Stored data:
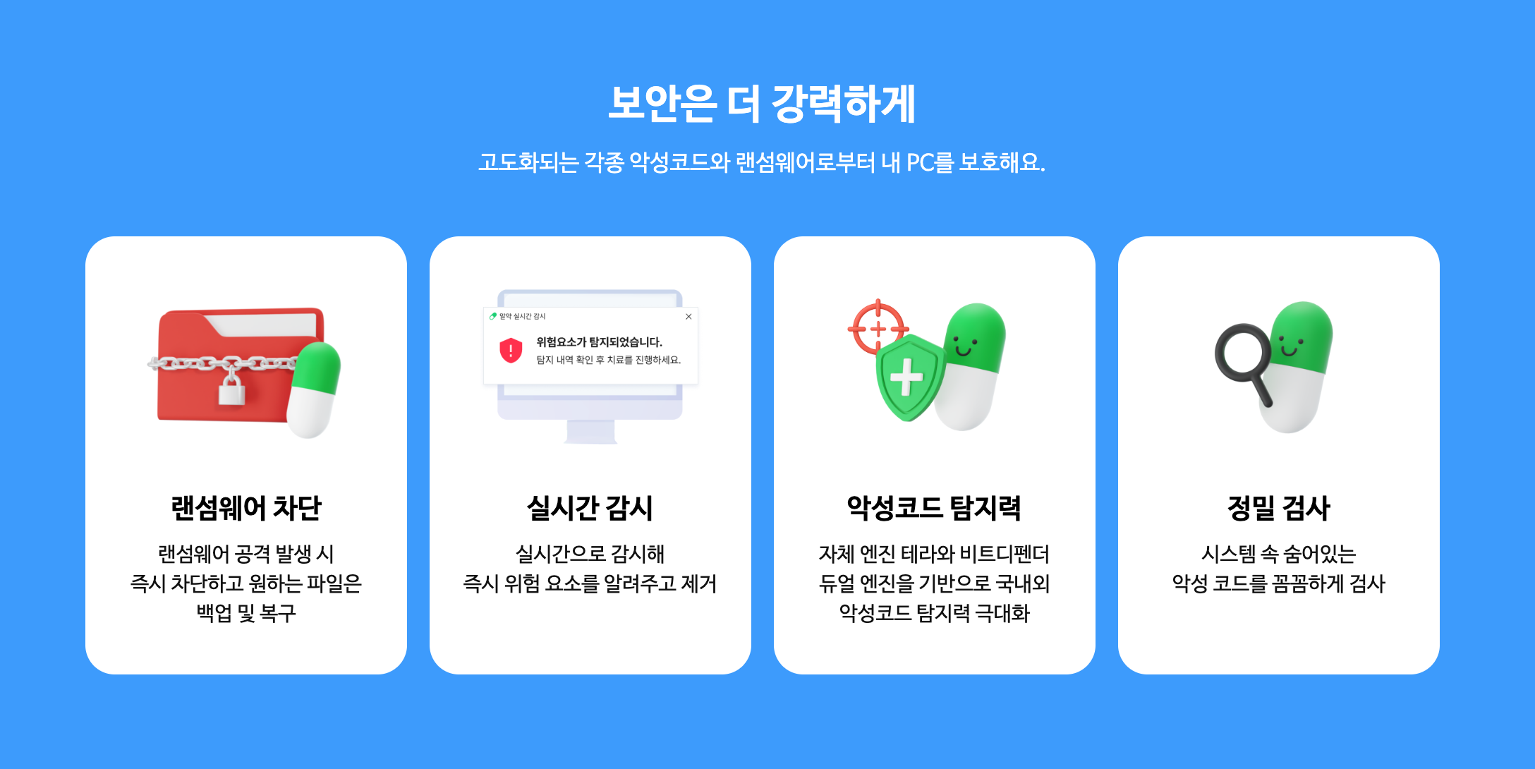 이러한 확산 공격을 차단하기 위해 알약 3.0은 파일이 실행되기 전의 ‘행동 패턴’을 분석하는 차세대 엔진을 적용해 신종 악성코드와 랜섬웨어를 사전에 차단하도록 설계되었습니다. 모바일 단계에서 탐지되지 못한 위협이 PC로 넘어오더라도 마지막 방어선에서 확실하게 차단할 수 있다는 점에서, PC 보안의 핵심 역할을 수행합니다.
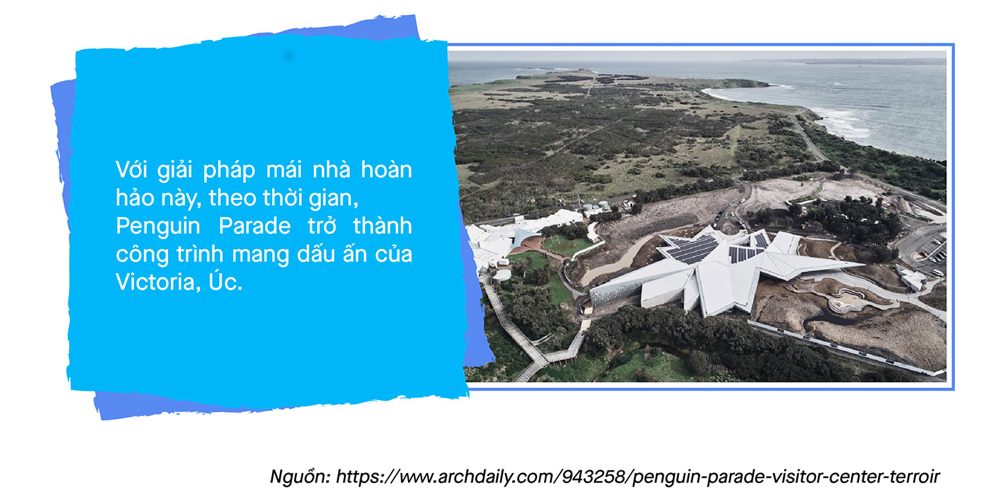 Trung tâm Penguin Parade là một biểu tượng mới tại Victoria, Úc với kiến trúc độc đáo. Công trình đã nhận được nhiều giải thưởng như giải thưởng của Viện Kiến trúc Úc năm 2020, giải thưởng William Wardell dành cho Kiến trúc Công cộng tại Victoria, giải thưởng Kiến trúc Thế giới …
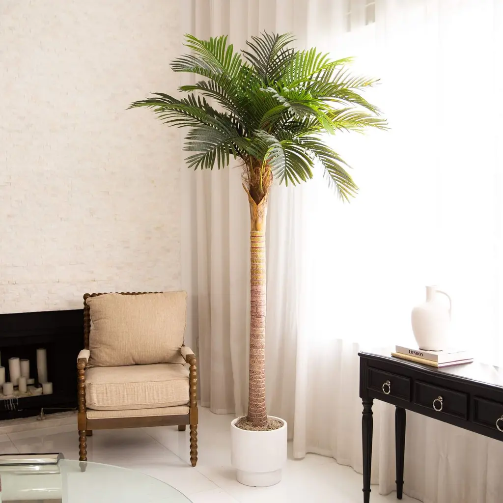 Picture your perfect summer vacation: Where you sun-soak on a hammock, feel the sea breeze hitting your face while sipping on a coconut. Luckily you can now tropic like it's hot with this artificial coconut palm tree. It features lush, gorgeous green palm fronds stemming from a life-like trunk. Standing tall from a black nursery planter, recreate island life in any space like your living room, office, bedroom, or apartment. Do you want to feel the sea breeze with this tree? DIY and add to a planter of your choice to fit your style.
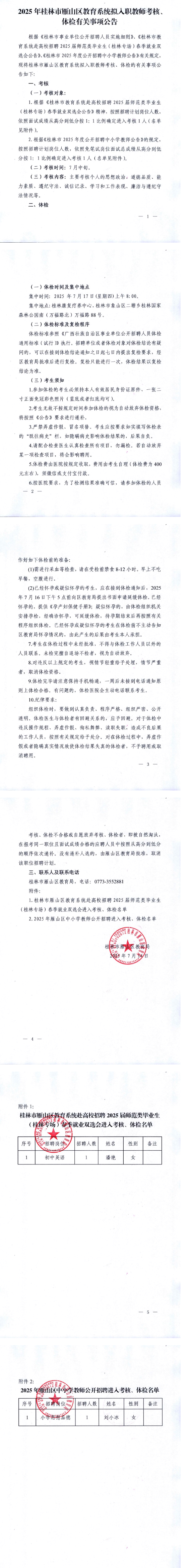 2025年桂林市雁山區(qū)教育系統(tǒng)擬入職教師考核、體檢有關(guān)事項公告
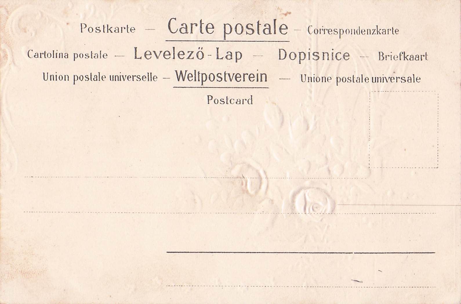 Stoff-Präge-AK Balkon mit Rosen aus Stoff, eine Schwalbe darüber
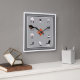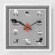 Iconic Eames Chairs in Grey, Black and White with Orange Accents. Square Mid-Century Modern retro vintage wall clock. Enjoy!
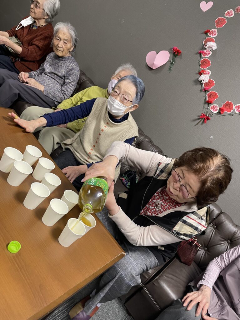 「さっ、準備出来たわよ✨早く食べましょう♪」と人数分のお茶🍵を準備してくださるHさん💖
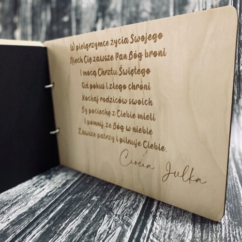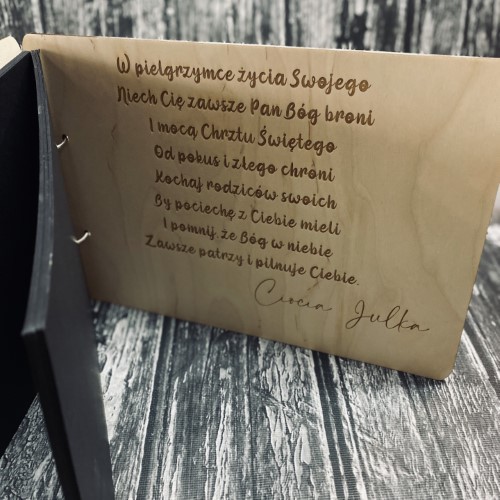 Album na zdjęcia, wykonany ze sklejki 3mm z czarnymi kartkami. Pierwsza i ostatnia strona ozdobione personalizowanym grawerem. Idealny pomysł na prezent.
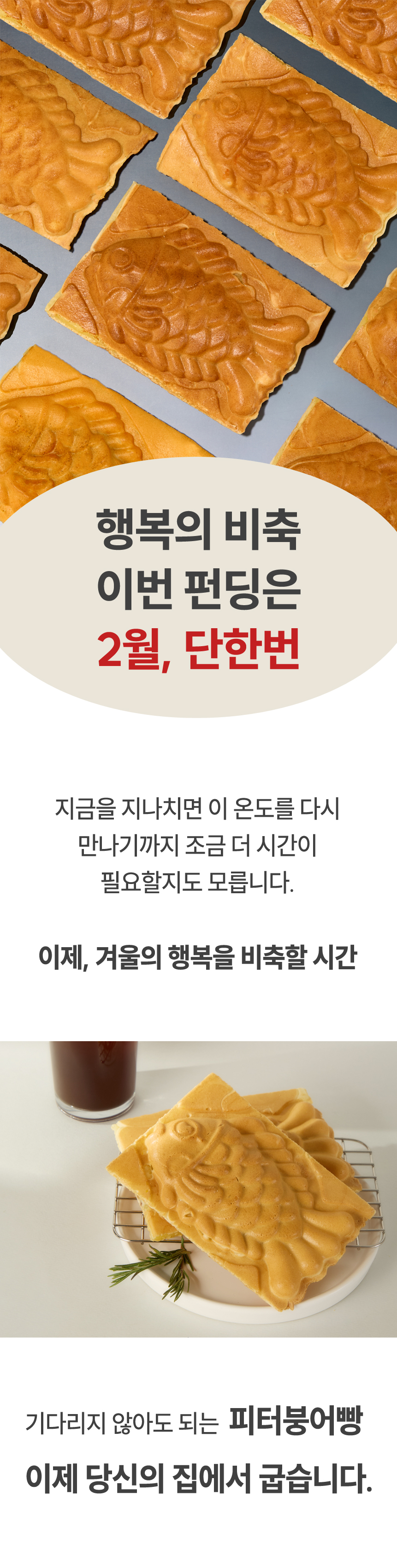 이번 프로젝트를 통해 붕어빵의 매력을 더욱 많은 분들에게 알리고, 사랑받는 브랜드로 성장하는 것이 저희의 목표입니다. 여러분의 작은 관심과 응원이 저희에게는 큰 힘이 됩니다. 피터붕어빵이 전하는 따뜻한 행복을 함께 만들어 가셨으면 좋겠습니다. 감사합니다!

[Task to carry out]
Return only the lines running from the top of the data to the line that holds "Trung tâm Penguin". Include both of those lines, but skip the pictures.

[Exercise answer]
 이러한 확산 공격을 차단하기 위해 알약 3.0은 파일이 실행되기 전의 ‘행동 패턴’을 분석하는 차세대 엔진을 적용해 신종 악성코드와 랜섬웨어를 사전에 차단하도록 설계되었습니다. 모바일 단계에서 탐지되지 못한 위협이 PC로 넘어오더라도 마지막 방어선에서 확실하게 차단할 수 있다는 점에서, PC 보안의 핵심 역할을 수행합니다.
 Trung tâm Penguin Parade là một biểu tượng mới tại Victoria, Úc với kiến trúc độc đáo. Công trình đã nhận được nhiều giải thưởng như giải thưởng của Viện Kiến trúc Úc năm 2020, giải thưởng William Wardell dành cho Kiến trúc Công cộng tại Victoria, giải thưởng Kiến trúc Thế giới …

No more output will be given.